Genetic investigations have linked multiple genes and single-nucleotide polymorphisms to the principal clinical forms of glaucoma, primary open-angle glaucoma (POAG) and PACG, underscoring the condition’s heterogeneity [2]. In Saudi cohorts, pathogenic variants in CYP1B1 have been repeatedly implicated in juvenile-onset open-angle glaucoma, supporting the potential value of targeted genetic testing in high-risk families for earlier diagnosis and management [14]. Secondary glaucoma subtypes are also relevant locally: for example, neovascular glaucoma has been reported at rates up to 13% in some Saudi series, with diabetes mellitus present in the majority of affected patients (88%) in one retrospective study [15].
This review incorporated publications from 2010 to December 2025, presented genetic or polymorphism data from Saudi cohorts, and addressed at least one of five glaucoma subtypes (POAG, PACG, PXG, JOAG, PCG). We omitted studies that did not involve a Saudi cohort. This narrative review examines how population genetics and consanguinity shape glaucoma risk in Saudi Arabia, summarizes genetic studies performed in Saudi cohorts, evaluates the clinical relevance of reported polymorphisms, and identifies priorities for future research and translation.

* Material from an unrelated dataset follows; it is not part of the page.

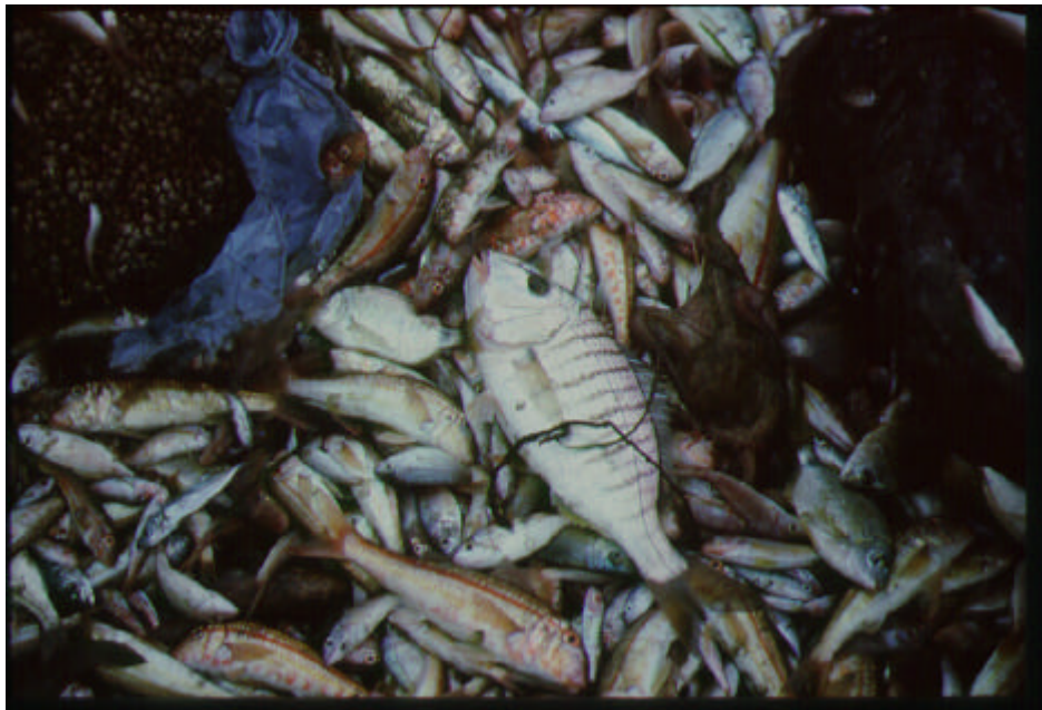
Capture of juveniles by trawling in shallow water.

In 1999, a Memorandum of Understanding (MoU) was concluded between the Regional Activity Centre for Specially Protected Areas (RAC/SPA), and the Fisheries Department of the Food and Agriculture Organisation of the United Nations (FAO) concerning the role to be played by FAO within the framework of SAP Biodiversity project. The SAP Biodiversity is expected to provide a logical basis for implementation of the 1995 SPA Protocol; it will analyse issues and identify action at national and regional levels.

2. Genetic Aspects of Glaucoma in the Saudi Population

2.1. Overview of Study Characteristics

A total of 33 case–control studies were conducted between 2014 and 2024, comprising more than 9000 Saudi participants, illustrating various glaucoma subtypes, POAG, PACG, PXG, JOAG, and PCG, and their association with specific genetic polymorphisms in the Saudi population. The evidence concentrates on causative genes in congenital/juvenile disease (CYP1B1), core PXG risk genes (LOXL1), and protective microRNA biogenesis signals (DICER1), alongside polygenic contributors in adult glaucoma (APOE, ACVR1, NOS3, MTHFR, SMOC2).

2.2. Congenital and Juvenile Onset Glaucoma

In the Saudi population, early-onset glaucoma frequently exhibits a Mendelian inheritance pattern, largely driven by the high prevalence of consanguinity. Genes and their associated variants with glaucoma subtypes, along with penetrance, are summarized in Table 1.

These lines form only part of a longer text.